Indications for treatment include hemorrhage, uncontrolled hypertension, pain, progressive enlargement, presence of an arteriovenous fistula, size > 2 to 2.5 cm, or > 1 cm in a female of childbearing age.2,4,16 Currently, endovascular surgery is the intervention of choice in elective or emergent circumstances.6,7,10,17 Much literature has surfaced in recent years demonstrating acceptable feasibility and results with endovascular treatment.6,7,17 Accepted endovascular treatments include embolization (ie, gelfoam, coils, alcohol) or stenting across the aneurysm.6,17 There have also been case reports of successful management of RAAs with percutaneous thrombin injection directly into the aneurysm.11 Factors that may preclude endovascular management are size and multiplicity, although there have been reports of successful endovascular management of large (10 cm) RAAs endovascularly. 17,18 RAAs that are not amenable to endovascular therapy may undergo nephrectomy, partial nephrectomy, renal artery grafting, aneurysmectomy, autotransplantation, and/or renal artery ligation.4,13,19–22
The largest series of renal artery surgery, spanning 35 years, was reported by Henke and colleagues23 on 121 patients undergoing RAA surgical repair at the University of Michigan. There were no perioperative mortalities; however, there were 8 unplanned nephrectomies. A retrospective review by Pfeiffer and colleagues22 of 94 patients with RAAs undergoing open repair resulted in 1 perioperative mortality, a 17% morbidity rate, and a 97% primary success rate. Similar results were achieved by English and colleagues24 when they examined 72 RAAs over a 16-year period. There was 1 perioperative mortality, a 12% morbidity rate, and a 96% primary success rate.
Conclusions
Although rare, the diagnosis of RAA is being made more frequently with more patients undergoing abdominal aortography and abdominal imaging for unrelated causes. It is imperative for the practicing urologist and clinician to be aware of life-threatening causes of gross hematuria, appropriate evaluation and imaging of suspected RAAs, endovascular management, operative indications, and techniques.
Main Points.
Renal artery aneurysms (RAAs) are localized dilations of the renal artery and/or branches. Saccular aneurysms are the most common form representing 70% to 75% of diagnosed RAAs; intraparenchymal RAAs are rare and account for only < 10%.
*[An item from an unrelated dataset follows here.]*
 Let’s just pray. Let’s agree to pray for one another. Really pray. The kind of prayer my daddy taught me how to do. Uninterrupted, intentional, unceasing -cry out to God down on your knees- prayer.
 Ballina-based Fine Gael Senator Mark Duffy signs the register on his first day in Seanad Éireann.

Most RAAs are discovered during workup for hypertension (55%), and are more frequently being discovered incidentally during unrelated abdominal imaging (ie, radiography, color Doppler ultrasound, computed tomography, magnetic resonance imaging) or angiography. When patients do present with symptoms, they are usually in the form of flank pain and hematuria that can range from mild microscopic hematuria to gross hemorrhage that leads to hemodynamic instability.
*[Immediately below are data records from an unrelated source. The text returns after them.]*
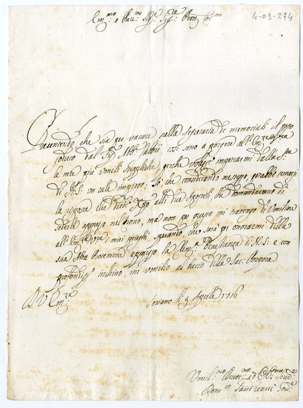 Lettera di Domenico Sandreani al Cardinale Annibale Albani (1716 aprile 3)
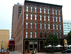 The Des Moines Saddlery Company Building is a historic building located in downtown Des Moines, Iowa, United States. It was built in 1881 by J. Rubelman of Muscatine, Iowa.[2] He choose to move his operation to Des Moines because of its location on two rivers and the 13 railroads that served the city. It was one of four saddlery firms in a two block area.[3] Rubelman's company made saddles, harnesses and leather works for 20 years. In the years since it has housed a shoe maker, rubber company, stove manufacturer, glove company, the Krispy Kone Company and the Kaplan Hat Company. The later was also the name of the restaurant that was located on the first floor.
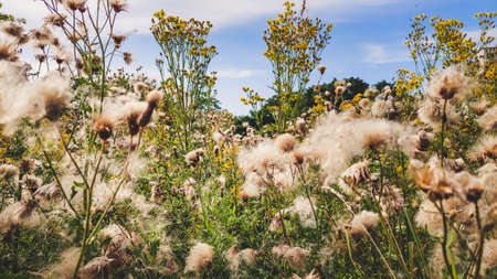 Low angle view into the flower field with creeping thistle in foreground during late summer. Beauty in nature.

Indications for RAA treatment include hemorrhage, uncontrolled hypertension, pain, progressive enlargement, presence of an arteriovenous fistula, size > 2 to 2.5 cm, or > 1 cm in a female of childbearing age. Currently, endovascular surgery is the intervention of choice in elective or emergent circumstances.
Health care practitioners should be aware of life-threatening causes of gross hematuria, appropriate evaluation and imaging of suspected RAAs, endovascular management, operative indications, and techniques.